[Instructions for the task]: Once you find the line with "Naglavni trak, okrašen" in the listing below, set down exactly every line from it through the line with "Con un padre", but no pictures.

[Data supplied]:
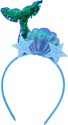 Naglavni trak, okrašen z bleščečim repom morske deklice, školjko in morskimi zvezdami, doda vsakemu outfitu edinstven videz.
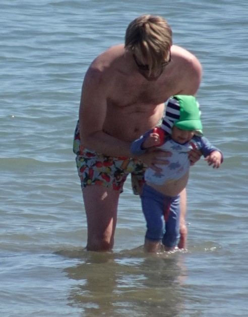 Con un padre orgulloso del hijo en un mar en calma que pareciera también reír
---
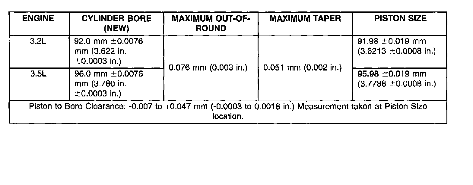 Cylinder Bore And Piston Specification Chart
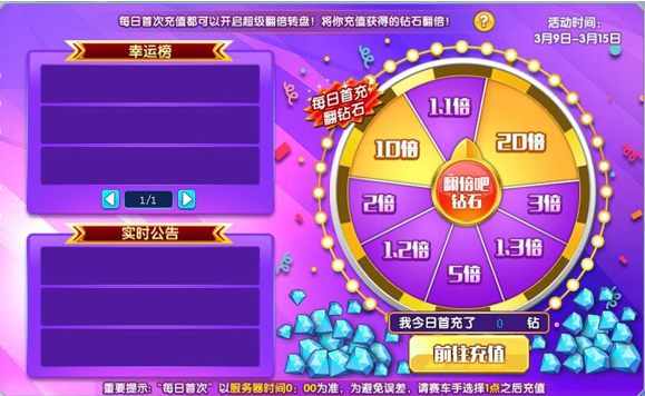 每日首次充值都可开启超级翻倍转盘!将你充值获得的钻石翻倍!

[Your solution]:
 Naglavni trak, okrašen z bleščečim repom morske deklice, školjko in morskimi zvezdami, doda vsakemu outfitu edinstven videz.
 Con un padre orgulloso del hijo en un mar en calma que pareciera también reír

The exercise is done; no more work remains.